Numpy array counter with reset

Question

I have a numpy array with only -1, 1 and 0, like this:

np.array([1,1,-1,-1,0,-1,1])

I would like a new array that counts the -1 encountered. The counter must reset when a 0 appears and remain the same when it's a 1:

Desired output:

np.array([0,0,1,2,0,1,1])

The solution must be very little time consuming when used with larger array (up to 100 000)

Edit: Thanks for your contribution, I've a working solution for now.

I'm still looking for a non-iterative way to solve it (no for loop). Maybe with a pandas Series and the cumsum() method ?

please add how large is target array to your question – Amin Taghikhani Dec 09 '21 at 07:11 — Amin Taghikhani, Dec 09 '21 at 07:11

tdy · Accepted Answer · 2021-12-09T07:41:22.080

Maybe with a pandas Series and the cumsum() method?

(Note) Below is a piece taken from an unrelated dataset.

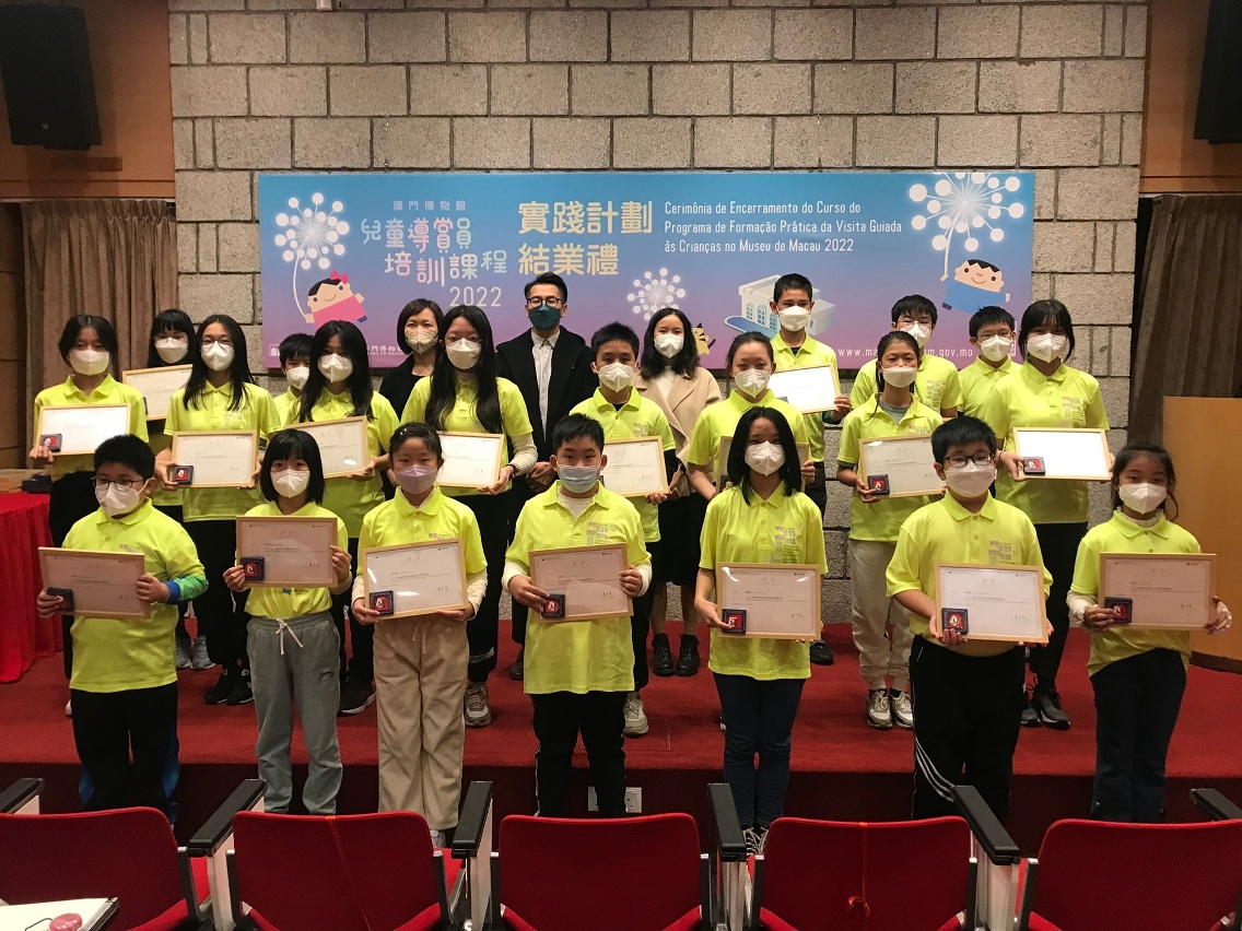 由文化局主办、澳门文化遗产协会承办的“2022年澳门博物馆儿童导赏员实践计划”于日前(12月18日)在澳门博物馆举行结业礼,由文化局文博厅厅长沈浩然、澳门博物馆馆长卢可茵、澳门文化遗产协会方静雯副会长、课程导师黎彩玉出席主持颁奬仪式。

Yes, use Series.cumsum and Series.groupby:

s = pd.Series([1, 1, -1, -1, 0, -1, 1])

s.eq(-1).groupby(s.eq(0).cumsum()).cumsum().to_numpy()
# array([0, 0, 1, 2, 0, 1, 1])

Step-by-step

Create pseudo-groups that reset when equal to 0:

groups = s.eq(0).cumsum()
# array([0, 0, 0, 0, 1, 1, 1])

Then groupby these pseudo-groups and cumsum when equal to -1:

s.eq(-1).groupby(groups).cumsum().to_numpy()
# array([0, 0, 1, 2, 0, 1, 1])

Timings

not time consuming when used with larger array (up to 100,000)

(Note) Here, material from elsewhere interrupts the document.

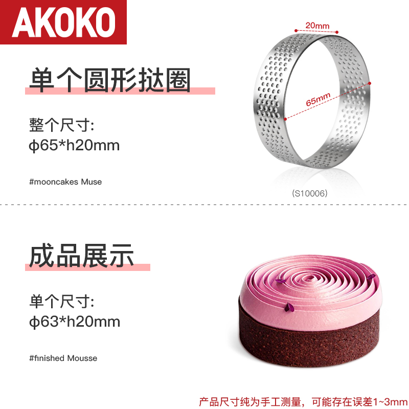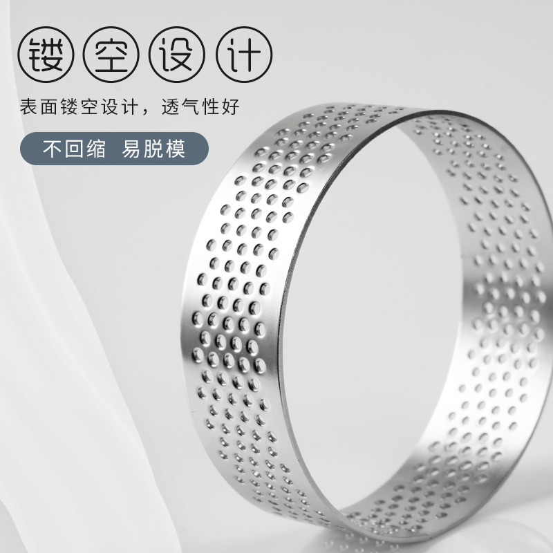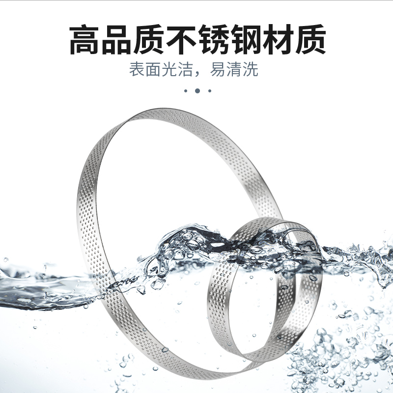 (特)AKOKO不锈钢圆形带孔挞圈模烘焙法式饼底挞皮塔壳透气圆型圈模具

groupby + cumsum is ~8x faster than looping, given np.random.choice([-1, 0, 1], size=100_000):

%timeit series_cumsum(a)
# 3.29 ms ± 721 µs per loop (mean ± std. dev. of 7 runs, 100 loops each)

%timeit miki_loop(a)
# 26.5 ms ± 925 µs per loop (mean ± std. dev. of 7 runs, 10 loops each)

%timeit skyrider_loop(a)
# 26.8 ms ± 1.36 ms per loop (mean ± std. dev. of 7 runs, 10 loops each)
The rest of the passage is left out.